A decisão também diz que “a crise de desabastecimento de oxigênio no Estado do Amazonas no auge da segunda onde de Covid-19, que teve seu auge nos dias 14 e 15 de janeiro de 2021 é fato público e notório, tendo sido matéria jornalística em todo o país e no mundo”. E que, “além disso, a falta de presteza, agilidade e organização dos réus na solução do problema também é fato público e notório, tendo sido, inclusive, matéria de discussão em CPI no Senado Federal”.
“A omissão específica dos réus, portanto, é gritante, haja vista que tinham o dever de agir para evitar o colapso no sistema de saúde quanto à falta de oxigênio e não o fizeram. Não há que se cogitar, como fez o Estado do Amazonas, de ocorrência de excludentes da responsabilidade civil como o caso fortuito e a força maior. Isto porque, a primeira onde de COVID 19 no Estado ocorreu em março e abril de 2020, quase um ano antes, de modo que já era de conhecimento dos réus a gravidade da pandemia e o colapso que ela provocava no sistema de saúde”, diz a decisão.

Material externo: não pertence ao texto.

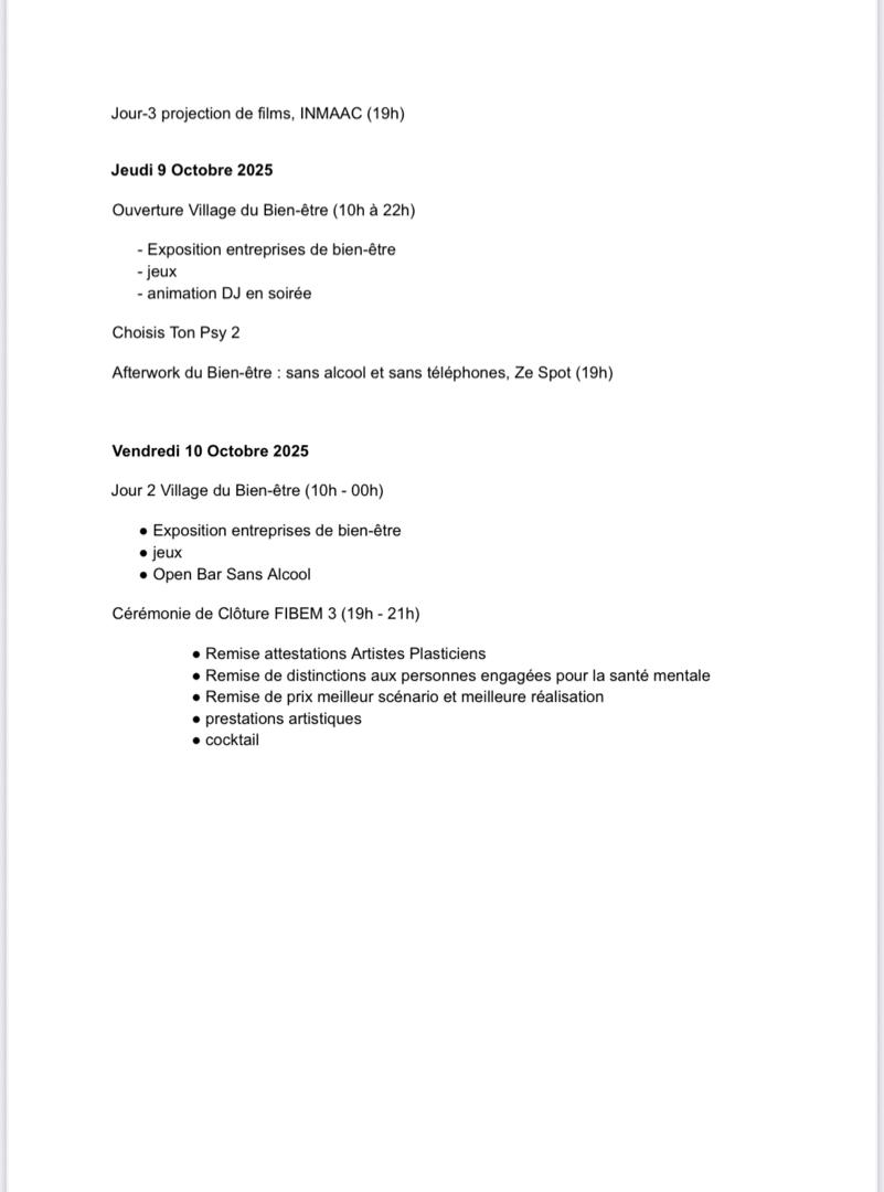 Au programme, des résidences artistiques (arts plastiques, théâtre) ; des expositions et vernissages ; des projections de films liés à la santé mentale ; des conférences et panels avec les professionnels de la santé mentale ; un village du bien-être (stands , associations et animations) ; des concerts et moments culturels ; des visites de structures de soins ; des consultations de Psys et bien d’autres activités. Notons toutes les activités seront gratuites, mais une plateforme est en cours de développement pour permettre aux participants de s’inscrire.
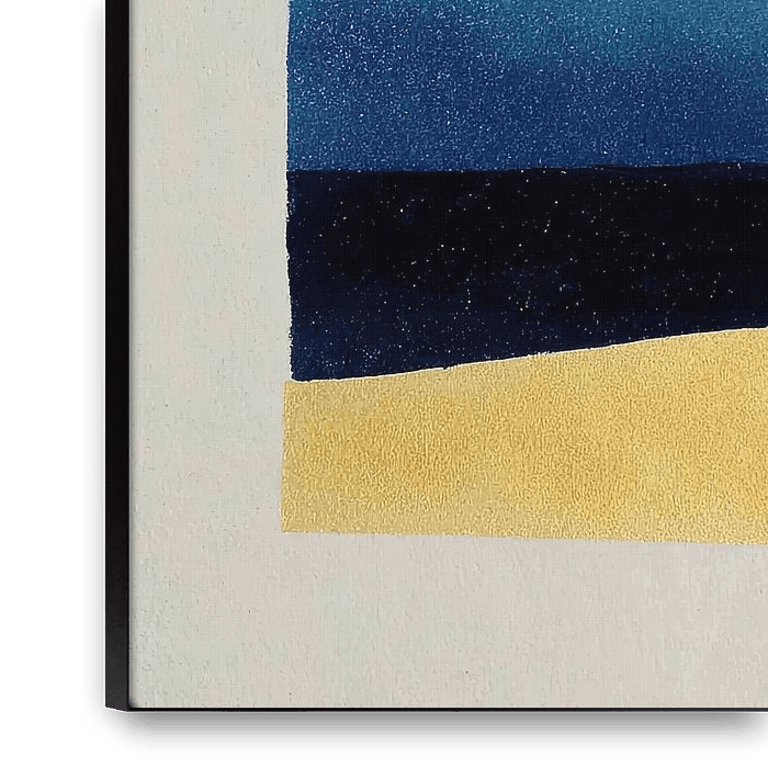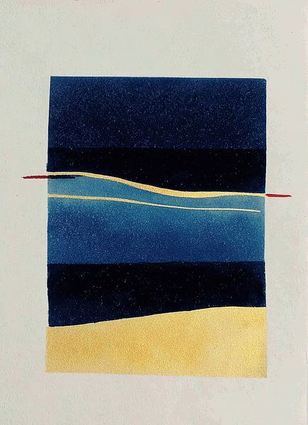 A minimalist composition that captivates with horizontal layers of colour in various shades of blue. A deep midnight blue contrasts with lighter sea colours. A warm, golden yellow area forms the lower border. Delicate golden lines run in waves through the centre, while selective red accents at the edges create visual tension. The work…

Segundo a juíza, “o dano sofrido pelas autoras salta aos olhos, já que a perda de um ente querido em razão da omissão dos réus em abastecer adequadamente suas unidades de saúde com oxigênio medicinal é incomensurável, ainda mais se tratando de mãe”. E o “desespero, a dor, a tristeza e a revolta experimentados pelas filhas ao saberem que sua mãe perdeu a vida asfixiada por falta de oxigênio é evidente e refoge ao simples dissabor do dia-a-dia.”